= Beginning of Section =
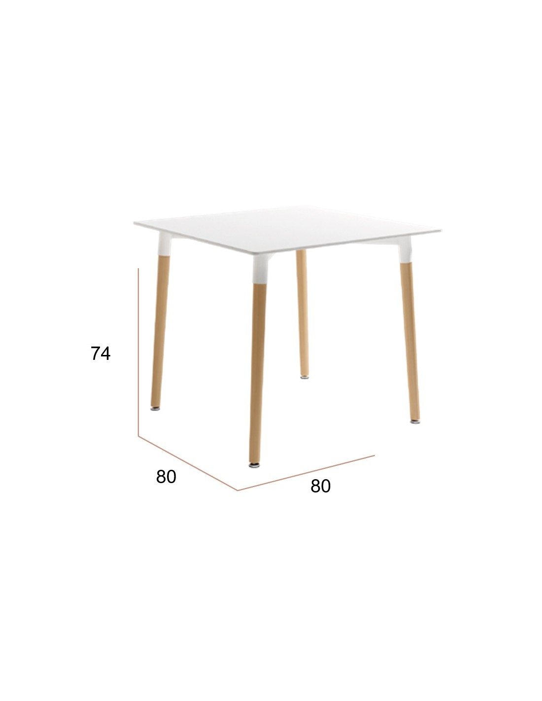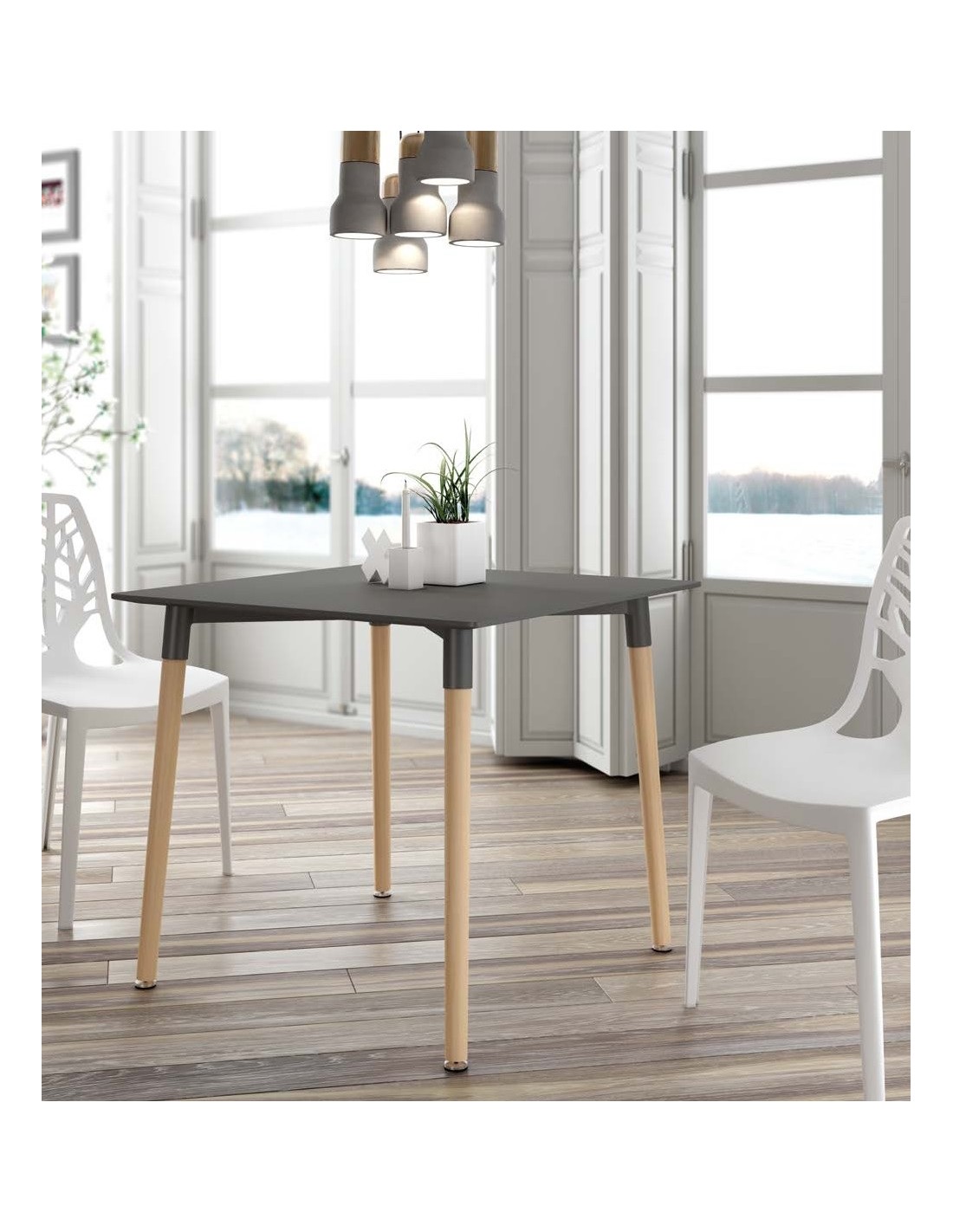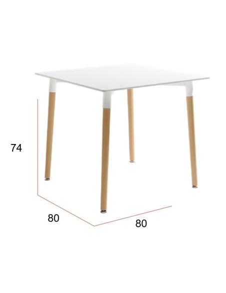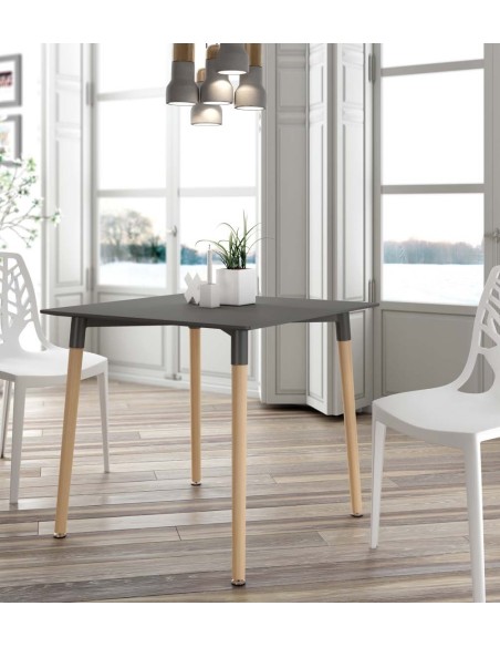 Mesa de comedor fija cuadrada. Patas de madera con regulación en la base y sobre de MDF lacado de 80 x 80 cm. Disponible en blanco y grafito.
= End of Section =
= Beginning of Section =
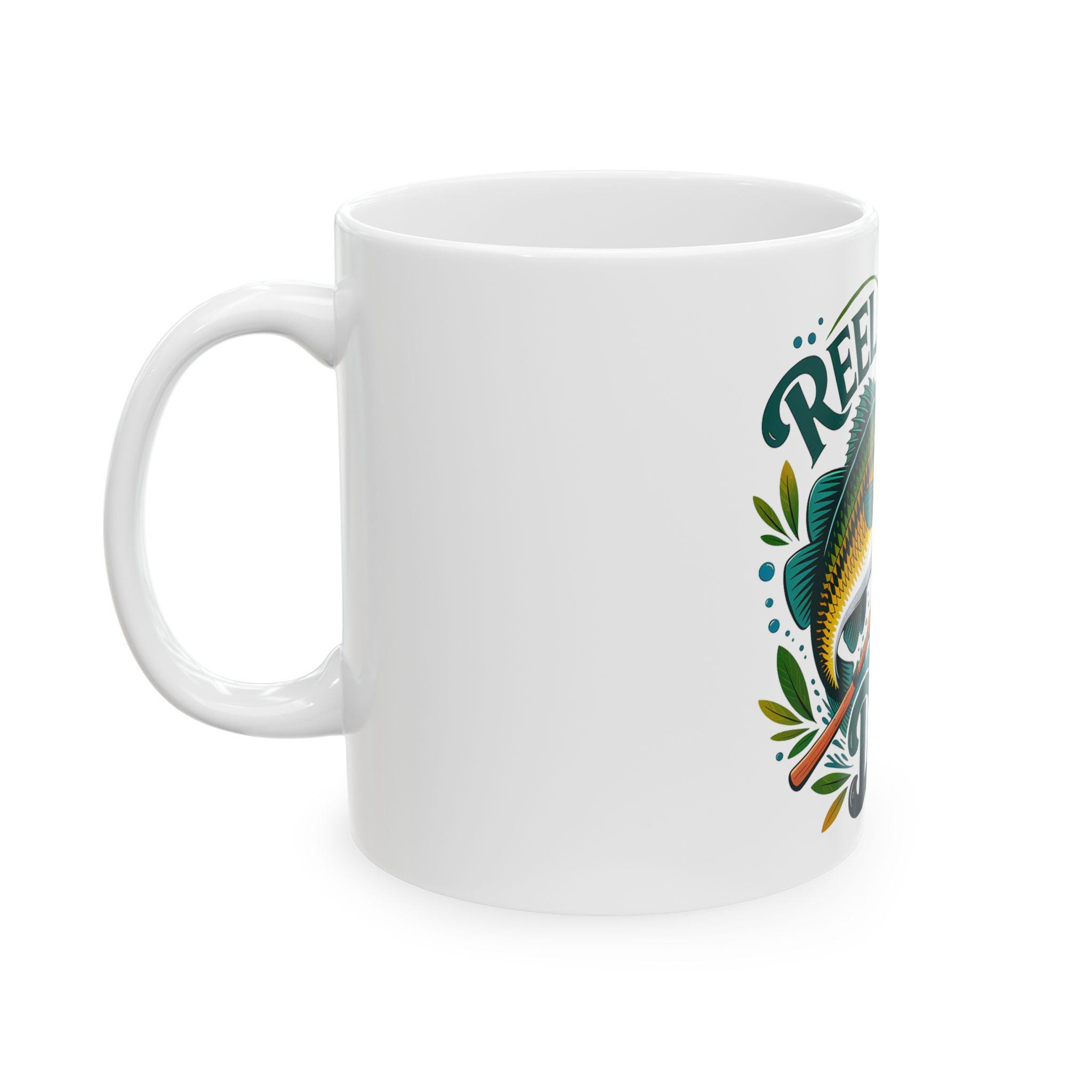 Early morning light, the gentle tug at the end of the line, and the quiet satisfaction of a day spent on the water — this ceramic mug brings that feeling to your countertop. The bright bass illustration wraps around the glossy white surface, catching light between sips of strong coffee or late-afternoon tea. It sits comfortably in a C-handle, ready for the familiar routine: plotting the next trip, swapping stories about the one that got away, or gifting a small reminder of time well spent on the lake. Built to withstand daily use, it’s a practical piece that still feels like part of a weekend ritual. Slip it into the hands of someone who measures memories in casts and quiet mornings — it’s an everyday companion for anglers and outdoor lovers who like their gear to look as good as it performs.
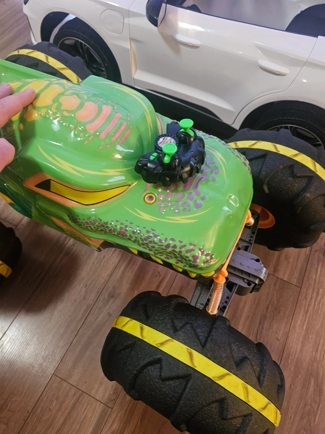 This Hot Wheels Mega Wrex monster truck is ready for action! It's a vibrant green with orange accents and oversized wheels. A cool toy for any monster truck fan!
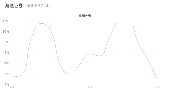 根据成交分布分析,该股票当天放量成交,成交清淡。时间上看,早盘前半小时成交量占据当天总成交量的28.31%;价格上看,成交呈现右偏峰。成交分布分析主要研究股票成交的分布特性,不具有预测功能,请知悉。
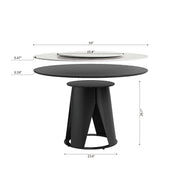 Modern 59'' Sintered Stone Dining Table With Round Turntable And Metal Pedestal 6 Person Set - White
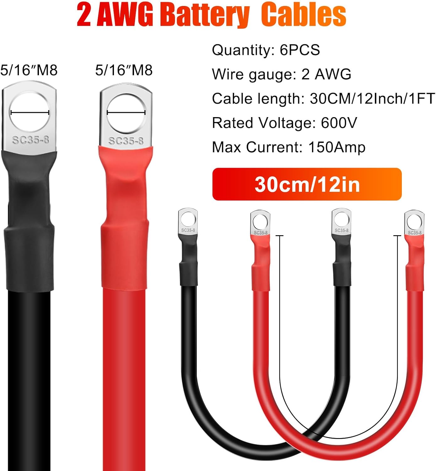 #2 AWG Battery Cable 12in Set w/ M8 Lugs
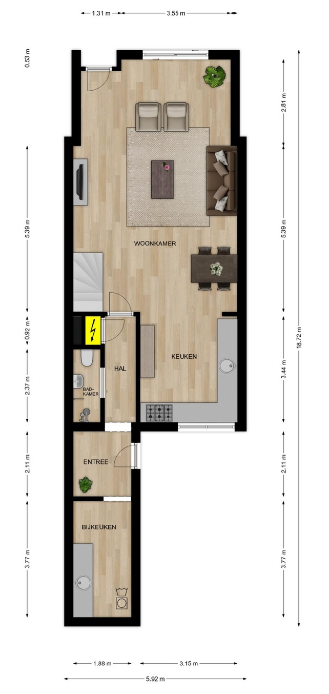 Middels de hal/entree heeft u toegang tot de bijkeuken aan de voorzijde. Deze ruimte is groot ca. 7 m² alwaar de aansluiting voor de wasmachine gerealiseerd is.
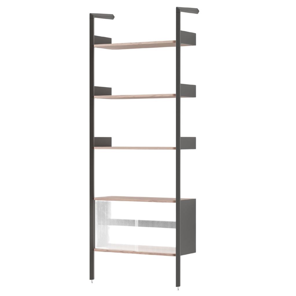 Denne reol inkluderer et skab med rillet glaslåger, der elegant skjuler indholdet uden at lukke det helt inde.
= End of Section =
= Beginning of Section =
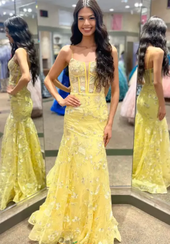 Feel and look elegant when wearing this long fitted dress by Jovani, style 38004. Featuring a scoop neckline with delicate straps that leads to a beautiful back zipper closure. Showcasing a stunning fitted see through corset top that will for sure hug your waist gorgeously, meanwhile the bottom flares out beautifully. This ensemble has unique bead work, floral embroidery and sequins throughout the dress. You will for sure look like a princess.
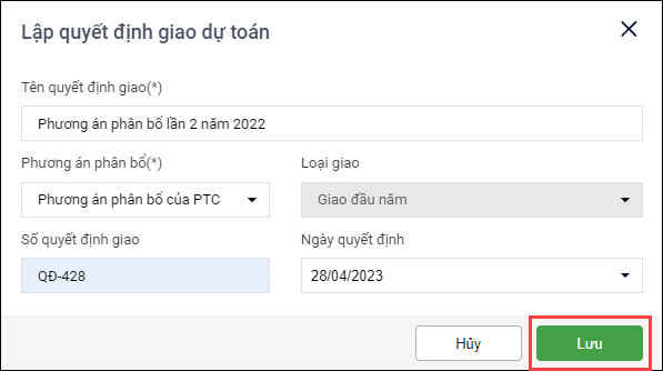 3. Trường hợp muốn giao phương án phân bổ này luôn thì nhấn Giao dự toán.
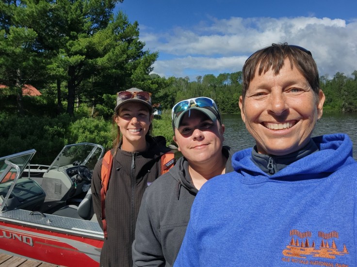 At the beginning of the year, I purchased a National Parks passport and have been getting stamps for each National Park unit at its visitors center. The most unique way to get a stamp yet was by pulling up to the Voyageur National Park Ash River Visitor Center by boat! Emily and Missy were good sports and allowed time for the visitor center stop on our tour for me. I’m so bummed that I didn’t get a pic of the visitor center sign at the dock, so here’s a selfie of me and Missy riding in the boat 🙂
= End of Section =
● **Task goal**: Your copy should hold only the lines above from the one containing "Modern 59'' Sintered" through the one containing "#2 AWG Battery Cable 12in Set w/ M8 Lugs", exactly as written and free of pictures.

● **Task answer**:
 Modern 59'' Sintered Stone Dining Table With Round Turntable And Metal Pedestal 6 Person Set - White
 #2 AWG Battery Cable 12in Set w/ M8 Lugs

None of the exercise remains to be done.